▶ About this exercise:
Beginning with the line containing "圖2-2 收發(fā)器的射頻輸入與輸出管腳" and ending with the line containing "2025年12月5日至7日,2025一带", write out each line of the records below exactly; pictures and lines outside that range are left out.

*** Data records

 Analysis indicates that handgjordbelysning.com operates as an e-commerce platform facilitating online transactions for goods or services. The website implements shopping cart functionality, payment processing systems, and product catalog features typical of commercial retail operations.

******
*** Data records

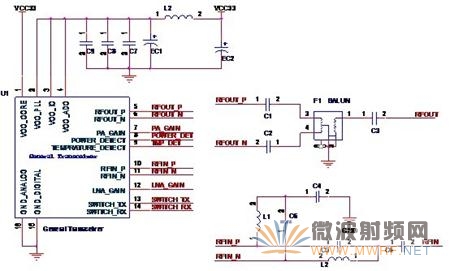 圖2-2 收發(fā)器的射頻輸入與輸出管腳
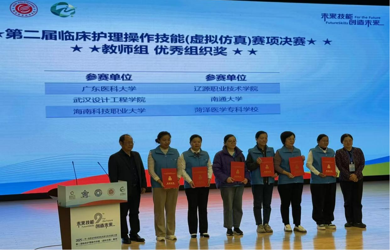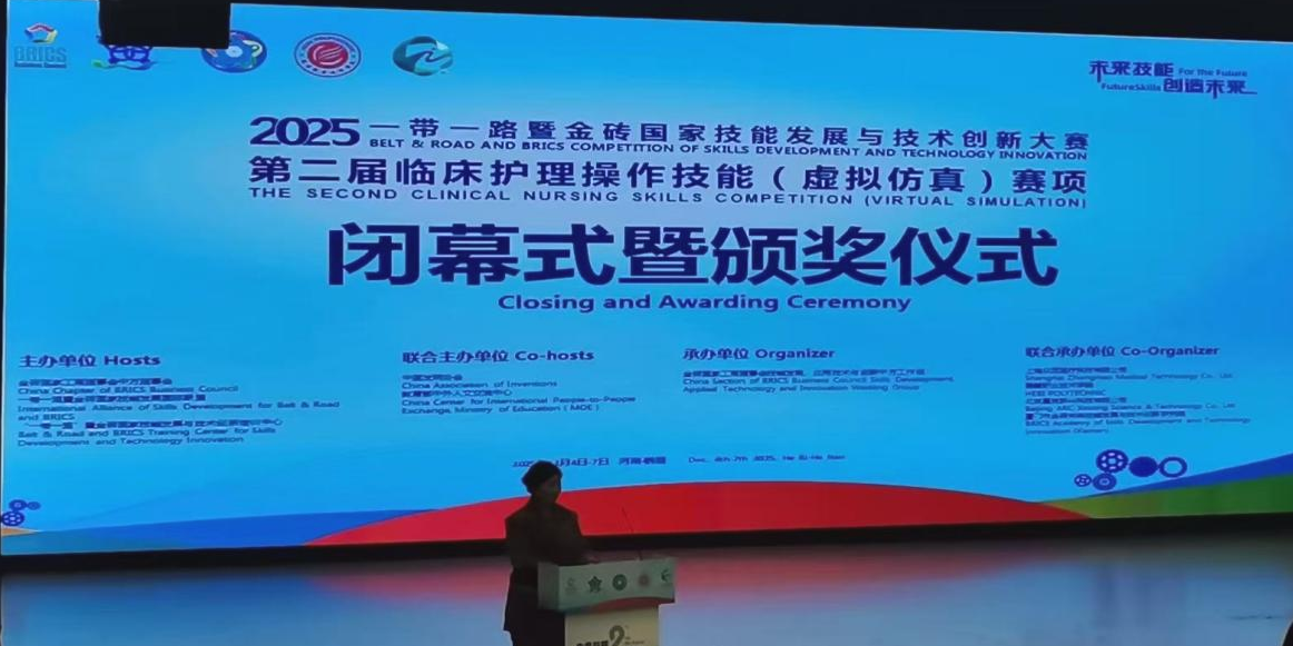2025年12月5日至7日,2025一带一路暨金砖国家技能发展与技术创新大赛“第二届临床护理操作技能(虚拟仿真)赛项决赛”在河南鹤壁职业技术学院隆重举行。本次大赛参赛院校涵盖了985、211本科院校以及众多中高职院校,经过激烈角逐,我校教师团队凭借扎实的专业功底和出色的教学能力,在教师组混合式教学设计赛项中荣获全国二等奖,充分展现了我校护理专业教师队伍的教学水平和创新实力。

******

▶ Output for this exercise:
 圖2-2 收發(fā)器的射頻輸入與輸出管腳
2025年12月5日至7日,2025一带一路暨金砖国家技能发展与技术创新大赛“第二届临床护理操作技能(虚拟仿真)赛项决赛”在河南鹤壁职业技术学院隆重举行。本次大赛参赛院校涵盖了985、211本科院校以及众多中高职院校,经过激烈角逐,我校教师团队凭借扎实的专业功底和出色的教学能力,在教师组混合式教学设计赛项中荣获全国二等奖,充分展现了我校护理专业教师队伍的教学水平和创新实力。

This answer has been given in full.